Overview
What is MCP Server for Databricks Interaction?
The MCP Server for Databricks Interaction acts as an interface to a Databricks workspace, exposing tools to query and retrieve metadata about schemas, tables, table samples, and job results via MCP commands. It is built with FastMCP and uses the Databricks SDK and CLI for backend communication, targeting users who need simplified metadata retrieval through an MCP interface.
How to use MCP Server for Databricks Interaction?
Install prerequisites (Python 3.x, uv, and the latest databricks-cli from the official site), clone the repo, create a virtual environment with uv venv, run uv sync, and execute python init.py to configure the workspace URL, authenticate via OAuth, select a SQL Warehouse, and set the sample size.

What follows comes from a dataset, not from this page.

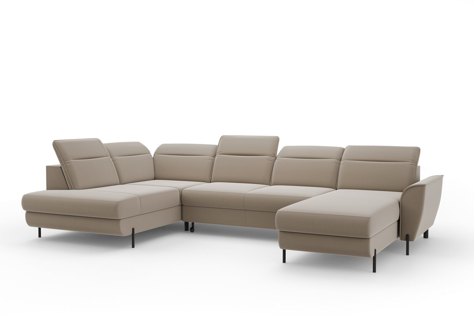 Moderní a elegantní sedací souprava do U PAOLA je rozkládací, s úložným prostorem postavená na elegantních vysokých kovových nožičkách v černé barvě. Sedačku PAOLA jde rozložit na kvalitní lůžko pro příležitostné přespání. Úložný prostor je dostatečně objemný pro uložení dek a lůžkovin. Sedací souprava je vyplněná pružinovými vlnovci a vysoce elastickou HR pěnou. Záda sedačky jsou očalouněná stejnou potahovou látkou jako celá sedačka a můžete ji umístit do prostoru. Rohovka má polohovatelné opěrky hlavy. Rohová sedací souprava PAOLA se vyrábí v pravém nebo levém provedení rohu.

Then add the server to an MCP client (e.g., Cursor) by specifying the uv command with arguments pointing to main.py in the project directory.
Key features of MCP Server for Databricks Interaction
- Retrieves schemas and tables in a specified catalog
- Returns detailed table metadata with column info and sample data
- Provides schema metadata including comments and table details
- Fetches results from the latest job run (or last failed run)
- Uses Databricks CLI OAuth profile for authentication
Use cases of MCP Server for Databricks Interaction
- Explore all schemas and tables within a catalog for data discovery
- Inspect table structure, comments, and sample rows for schema understanding
- Quickly retrieve the output of the most recent Databricks job run
- Debug by filtering for the last failed run of a specific job
FAQ from MCP Server for Databricks Interaction
What are the prerequisites?
Python 3.x, uv (package installer), and the latest databricks-cli (version 0.18 from PyPI is too old; install directly from Databricks).
How is authentication handled?
The server uses a Databricks CLI profile named mcp_server_for_databricks. The init.py script initiates an OAuth login flow; the server obtains tokens via subprocess calls to databricks auth login and databricks auth token.
What MCP tools are provided?
Four tools: get_schemas(catalog), get_table_sample_tool(catalog, schema_name, table), get_schema_metadata(catalog_name, schema_name), and get_job_run_result(job_name, filter_for_failed_runs=False).
How is the connection configured?
The init.py script saves the workspace URL, selected SQL Warehouse ID/name, and sample size into a config.yaml file. The server reads this file on startup.
Can I use this server with Cursor IDE?
Yes. In Cursor Settings > Features > MCP, add a new server with command /path/to/uv and args including --directory /PATH/TO/THIS/REPO run main.py.